6.2 Summary of Findings
- Internal Reactions vs. Outward Habits: Internal states are the most powerful predictors of personality.
Stage Fear (OR: 17.98) and feeling socially drained (OR: 14.19) are the primary signatures of an introvert.
Statistical Significance of Habits: Standard behavioral metrics like Time Spent Alone, Going Outside, and Social Event Attendance were found to be non-significant predictors in the final logistic model (p > 0.05).

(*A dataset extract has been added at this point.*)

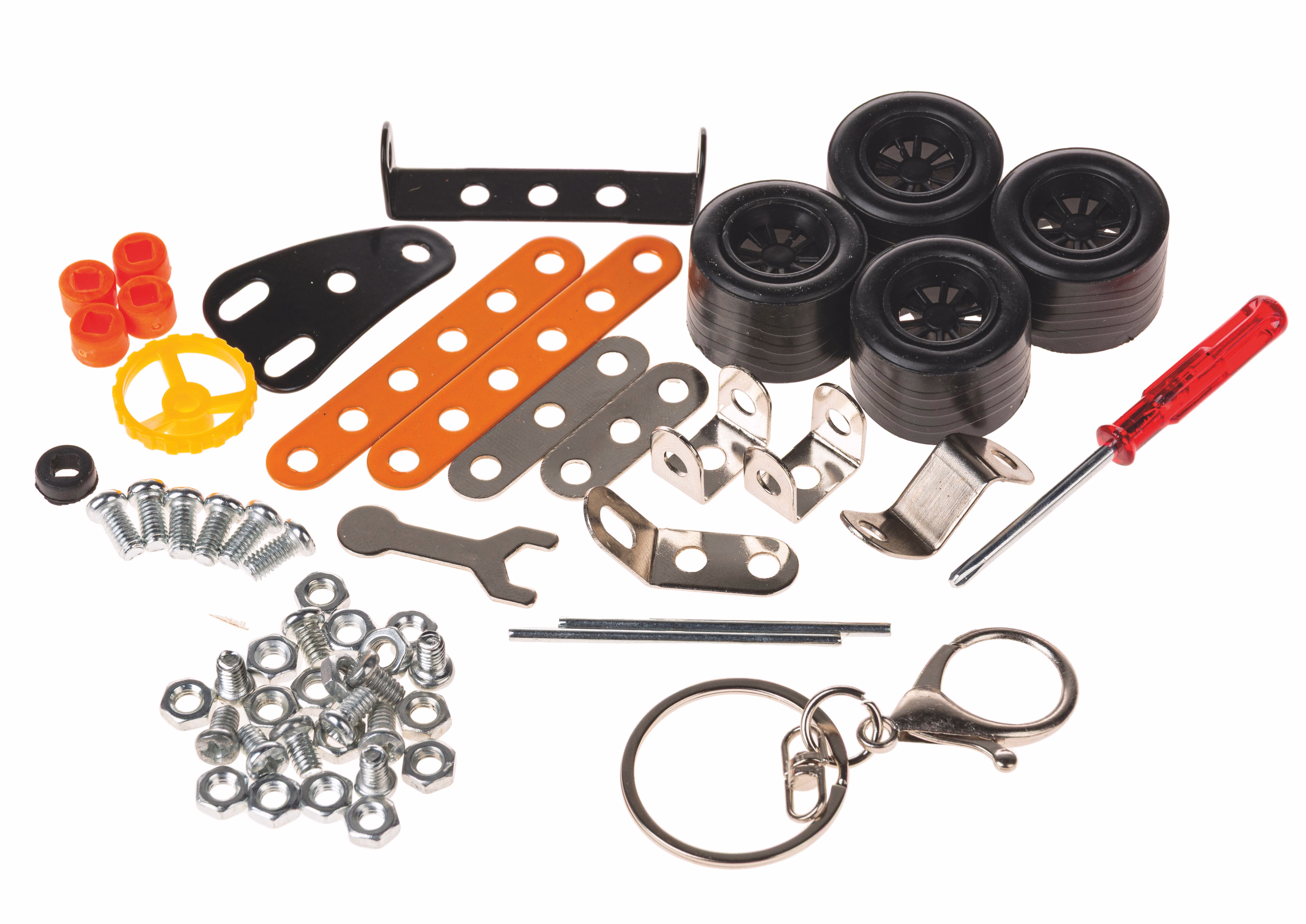 Découvrir le monde de la technique en s'amusant : Le mini-kit de construction métallique entraîne la motricité, la créativité et la réflexion spatiale. Toutes les pièces sont compatibles entre elles et extensibles. Les outils de montage et les instructions illustrées sont inclus dans la livraison. Dimensions : env. 70 x 45 x 55 mm, 53 pièces
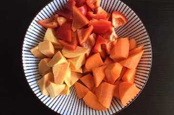 将红薯、胡萝卜切块炒制,炒熟后即可食用。

Complexity of Social Decay: The relationship between solitude and social engagement is non-linear (EDF: 8.7), suggesting social energy does not decline at a steady rate but hits specific “crash points”.
Quantile Insights: Behavior is most predictable at the extremes of the social spectrum. The social habits of median individuals are significantly more varied and less dictated by time spent alone.